Assessment of NMDA receptor inhibition of phencyclidine analogues using a high-throughput drebrin immunocytochemical assay

Toshinari Mitsuoka; Kenji Hanamura; Noriko Koganezawa; Ruri Kikura-Hanajiri; Yuko Sekino; Tomoaki Shirao

doi:10.1016/j.vascn.2019.106583

Assessment of NMDA receptor inhibition of phencyclidine analogues using a high-throughput drebrin immunocytochemical assay

J Pharmacol Toxicol Methods. 2019 Sep-Oct:99:106583. doi: 10.1016/j.vascn.2019.106583. Epub 2019 May 10.

Authors

Toshinari Mitsuoka¹, Kenji Hanamura², Noriko Koganezawa², Ruri Kikura-Hanajiri³, Yuko Sekino⁴, Tomoaki Shirao⁵

Affiliations

¹ Department of Neurobiology and Behavior, Gunma University Graduate School of Medicine, Maebashi 371-8511, Japan; Endowed Laboratory of Human Cell-Based Drug Discovery, Graduate School of Pharmaceutical Sciences, The University of Tokyo, Tokyo 113-0033, Japan.
² Department of Neurobiology and Behavior, Gunma University Graduate School of Medicine, Maebashi 371-8511, Japan.
³ Division of Pharmacognosy, Phytochemistry and Narcotics, National Institute of Health Sciences, Kawasaki 210-9501, Japan.
⁴ Endowed Laboratory of Human Cell-Based Drug Discovery, Graduate School of Pharmaceutical Sciences, The University of Tokyo, Tokyo 113-0033, Japan.
⁵ Department of Neurobiology and Behavior, Gunma University Graduate School of Medicine, Maebashi 371-8511, Japan. Electronic address: tshirao@gunma-u.ac.jp.

PMID: 31082488
DOI: 10.1016/j.vascn.2019.106583

Abstract

Introduction: In recent years, new psychoactive substances (NPS) have been widely distributed for abuse purposes. Effective measures to counter the spread of NPS are to promptly legislate them through the risk assessment. Phencyclidine analogues having inhibitory effects toward NMDA receptor (NMDAR) have recently emerged in Japan. Therefore, it is important to establish a high-throughput system for efficiently detecting NPS that can inhibit NMDAR activity.

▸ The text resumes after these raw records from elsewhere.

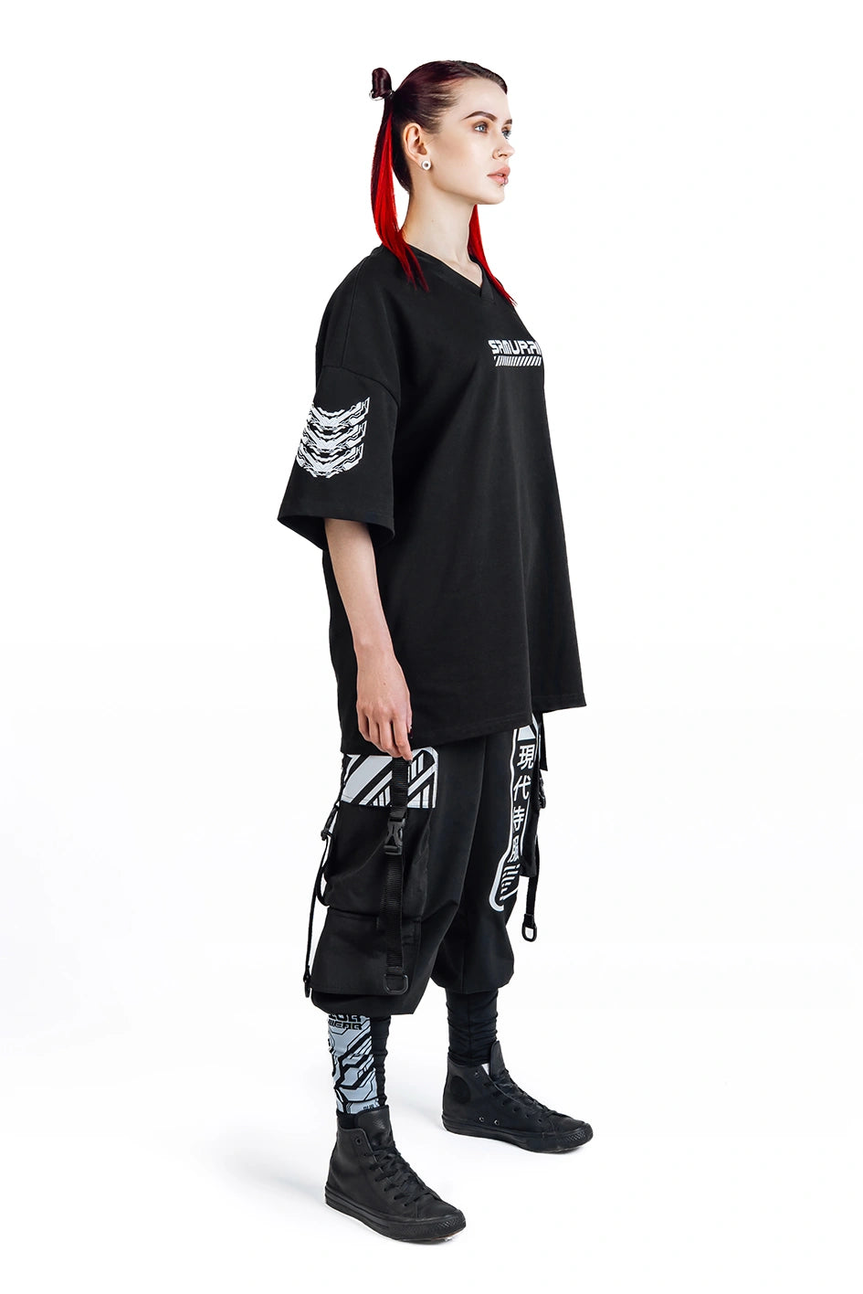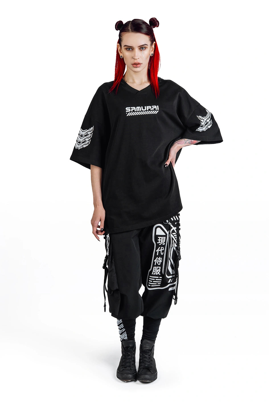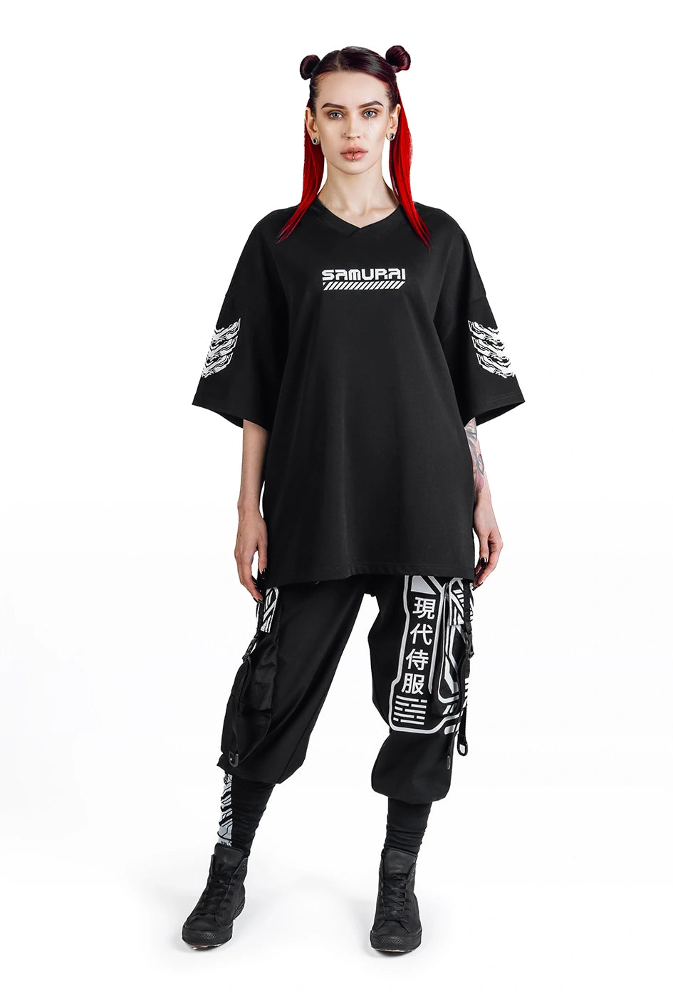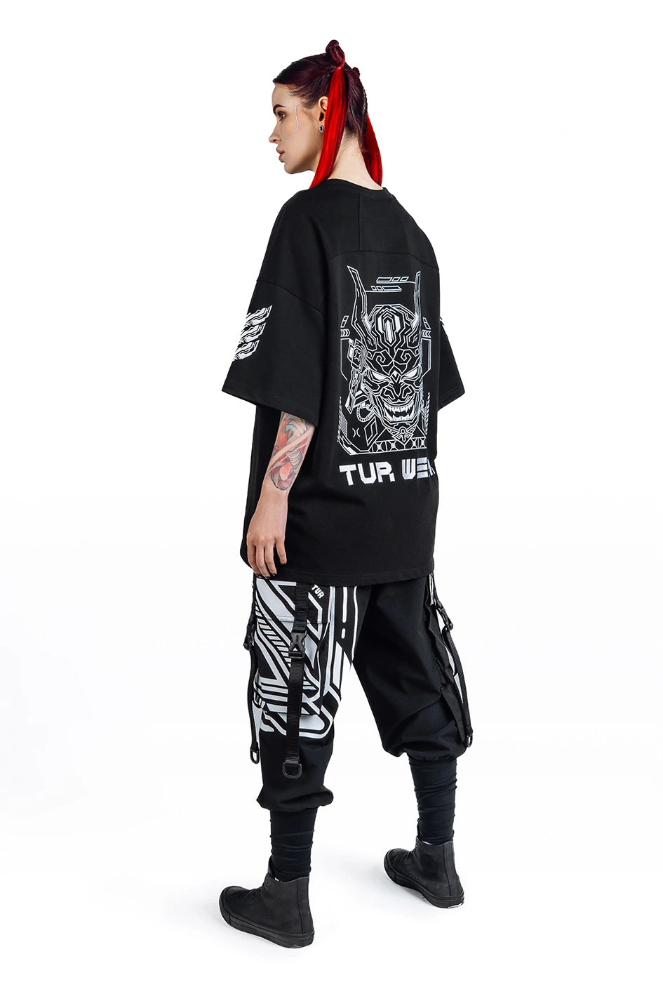Oversize-T-Shirt mit verlängerter Silhouette und asymmetrischer Länge. Der Modellname Arasaka ist von der корпорації aus dem Universum Cyberpunk 2077 inspiriert, was sich im Design widerspiegelt. Der Ausschnitt ist im Kimono-Stil gestaltet und schafft eine charakteristische Geometrie im oberen Teil des Produkts. Auf dem Rücken befindet sich ein zusätzlicher Relief-Einsatz, der die Konstruktion verstärkt und Volumen hinzufügt. An der Seite befindet sich ein Schlitz für mehr Bewegungsfreiheit und bessere Passform. Das Modell wird durch grafische Prints und Stickerei ergänzt, die die Cyberpunk-Ästhetik unterstreichen. Das T-Shirt passt zu Looks im Stil Cyberpunk, Urban Samurai sowie zur alltäglichen urbanen Garderobe.
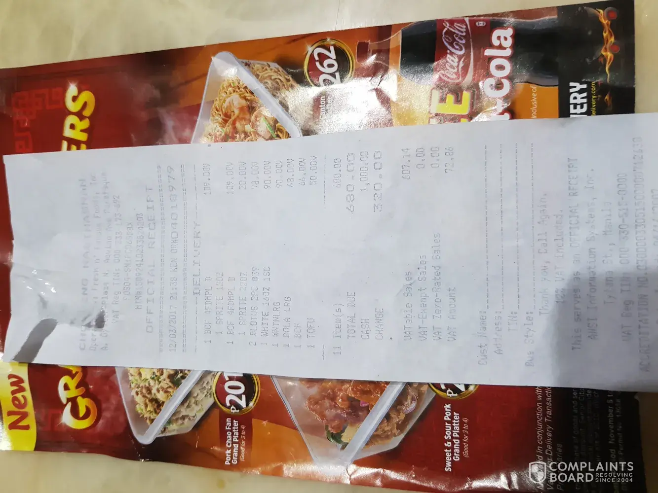 PS. I have sent this complaint last Sunday, December 03 thru Chowking's facebook; however, still no response. It seems that Chowking's team is not taking this seriously.
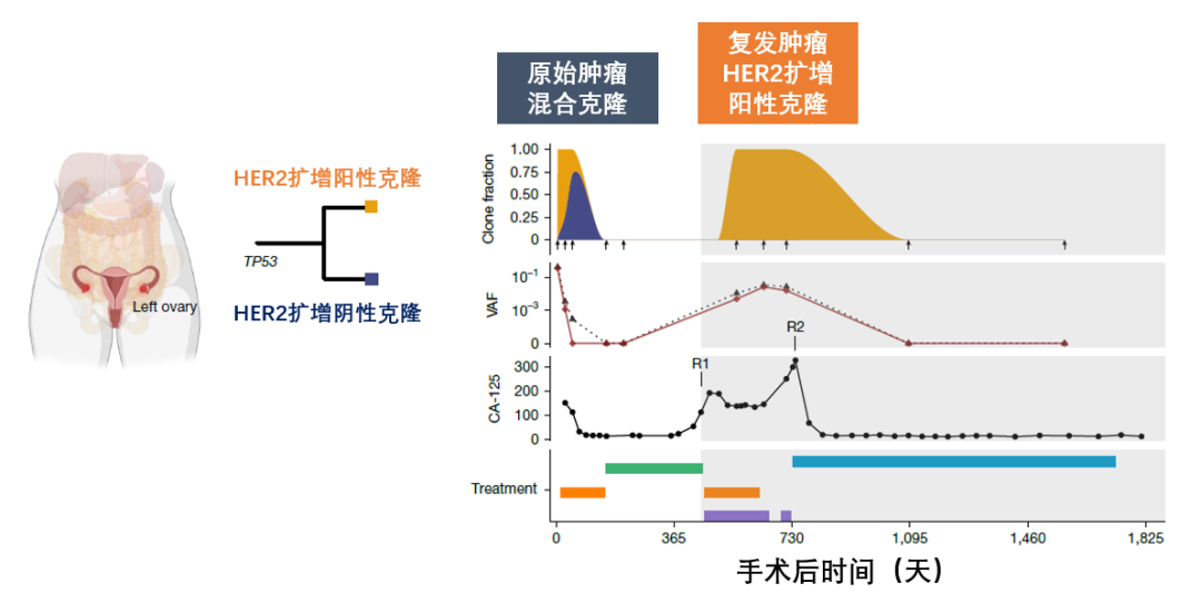 分析发现,她的原发肿瘤其实有两个亚克隆,几乎是1比1的比例混合。其中一个亚克隆有HER2基因扩增,另一个没有。和上一位患者类似,她的化疗后效果也不错,肿瘤标志物CA-125下降,影像显示肿瘤负荷减少,ctDNA也在第156天显示清零,一切看起来都很好。

Methods: Hippocampal neurons prepared from embryonic rats were incubated in 96-well microplates. After 3 weeks in vitro, cultured neurons were preincubated with phencyclidine (PCP) or PCP-analogues, including 3-methoxyphencyclidine (3-MeO-PCP) and 4-[1-(3-methoxyphenyl)cyclohexyl]morpholine (3-MeO-PCMo), and then treated with 100 μM glutamate for 10 min. After fixation, cultured neurons were immunostained with anti-drebrin and anti-MAP2 antibodies. The linear cluster density of drebrin along the dendrites was automatically quantified using a protocol that was originally developed by us.

Results: The high-throughput immunocytochemical assay, measuring drebrin cluster density of cultured neurons, demonstrated that glutamate-induced reduction of drebrin cluster density in 96-well plates is competitively inhibited by NMDAR antagonist, APV. The reduction was also antagonized by PCP, 3-MeO-PCP and 3-MeO-PCMo. The inhibitory activity of 3-MeO-PCMo was lower than that of PCP or 3-MeO-PCP, with IC₅₀ values of 26.67 μM (3-MeO-PCMo), 2.02 μM (PCP) and 1.51 μM (3-MeO-PCP).

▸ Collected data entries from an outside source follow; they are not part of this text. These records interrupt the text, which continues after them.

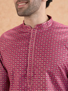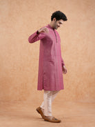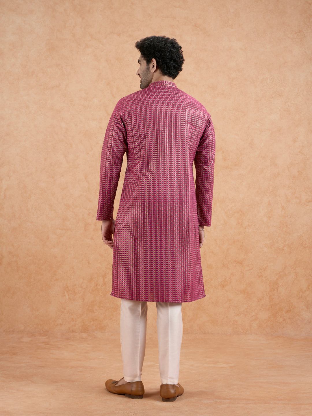 Magenta silk blend kurta trouser set rich self-weave design perfect for festive events, weddings, and celebrations.
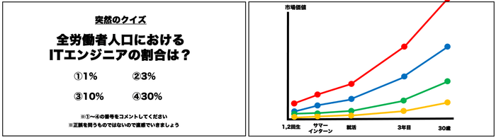 本講義は、ITエンジニアを目指す学生のキャリア支援を目的として、これまで様々な学校の情報系学部の学生向けに実施されてきた「ITエンジニア就活の極意」を京都橘大学・工学部情報工学科の1,2回生向けにカスタマイズして実施されたものです。京都橘大学では初めての実施となります。
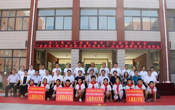 潍坊市委统战部、潍坊市教育局、临朐县相关领导、龙岗小学学生代表参加了捐赠活动。(农工党山东省委会)
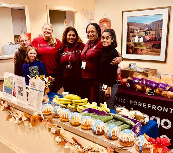 Food insecurity is a growing concern for many, especially cancer patients. As a way to engage patients, promote clinical trials and also respond to the current food insecurity issues many patients are facing, the UCCCC Clinical Trials Support Office (CTSO) transformed Infusion Center lobbies into farmers markets at the UChicago Ingalls/Harvey and UChicago Flossmoor locations. Held during the week of Thanksgiving, the market provided patients, patient advocates, family, friends, and staff with almost 800 pounds of free fresh produce, including potatoes, carrots, onions, cranberries, apples, oranges and bananas. OCECHE provided cancer patients and their families with fresh laid eggs from their Urban Farm as well as sweet treats for Thanksgiving meals. The effort was funded in part by a Gilead grant and UCCCC COE.
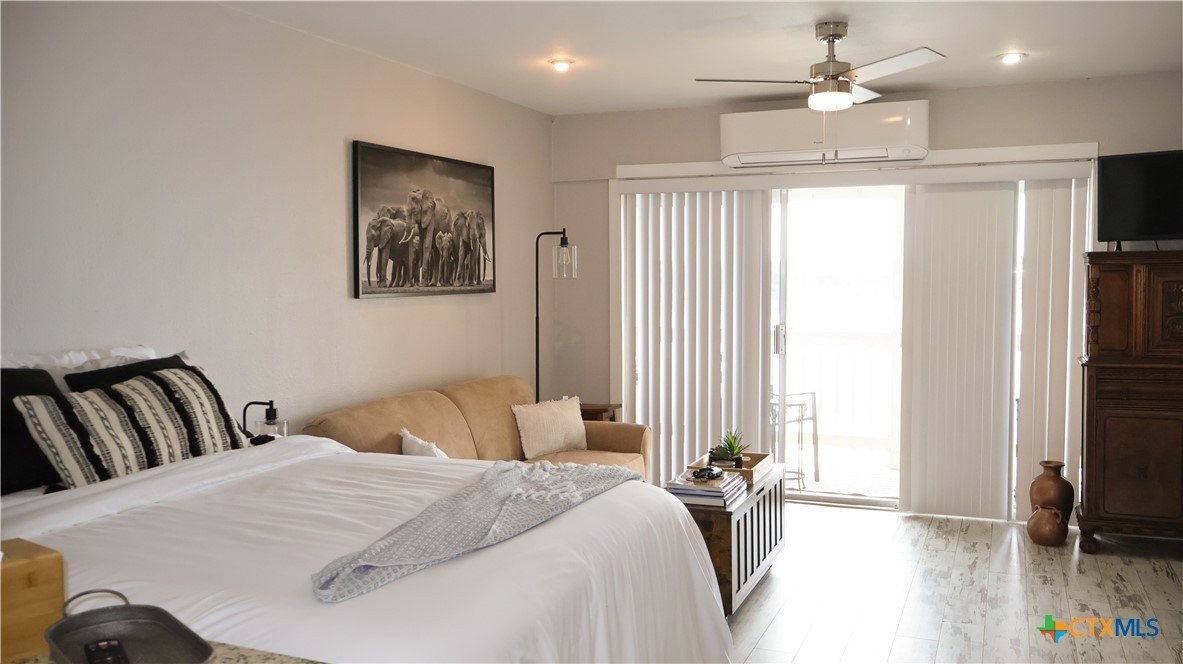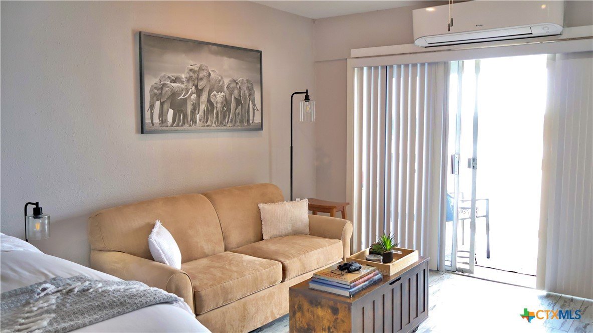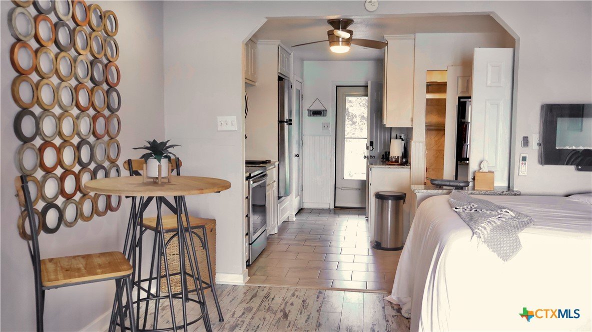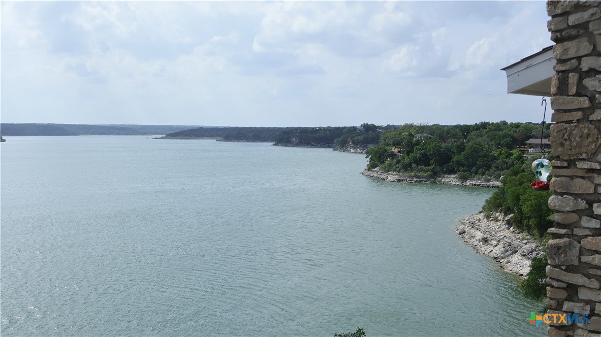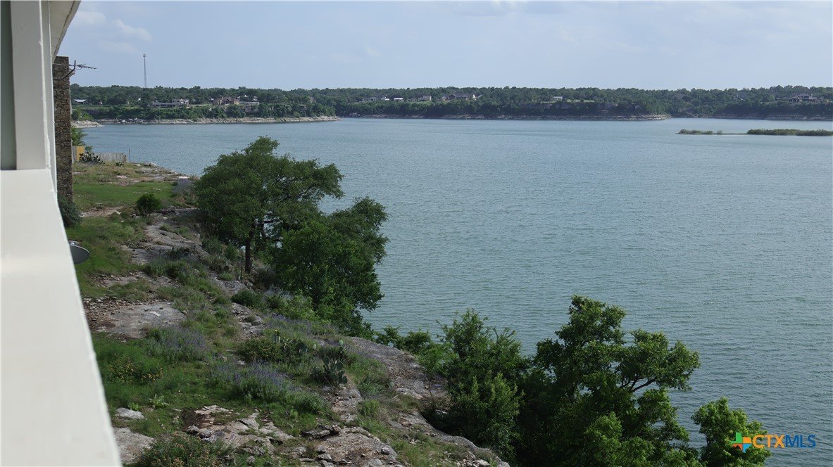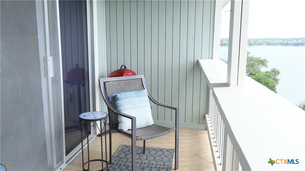 LAKEFRONT STUDIO CONDO on LAKE BELTON with a private balcony and panoramic views. The open layout is easy to love, with German made white washed oak laminate flooring in the living space and porcelain tile in the kitchen, hallway, and bathroom for low maintenance. The kitchen is fully set up with custom cabinetry, plenty of storage, granite countertops, a tile backsplash, and a deep sink, plus stainless appliances including a convection oven range, microwave, and refrigerator. Big upgrades are already done, including a mini split AC unit installed in 2023, a programmable electric fireplace that also heats the unit, a tankless hot water heater, and a reverse osmosis system for drinking water. The bathroom includes a large walk in tiled shower and extra storage. Step out to the lakefront balcony in the evening and enjoy the view! Plus, there is a modern, updated guest house available on site for visitors at an affordable daily rate, approximately $50 per day.

Discussion: The relative efficacy among PCP, 3-MeO-PCP and 3-MeO-PCMo calculated from IC₅₀ are similar to those from Ki values. This suggests that the high-throughput imaging analysis is useful to speculate the Ki values of new PCP analogues without performing the kinetic studies.

Keywords: Dendritic spine; Drebrin; High-throughput analysis; Immunocytochemistry; NMDA receptor antagonist; Phencyclidine; Primary neuronal culture; Psychoactive substances; Synapse.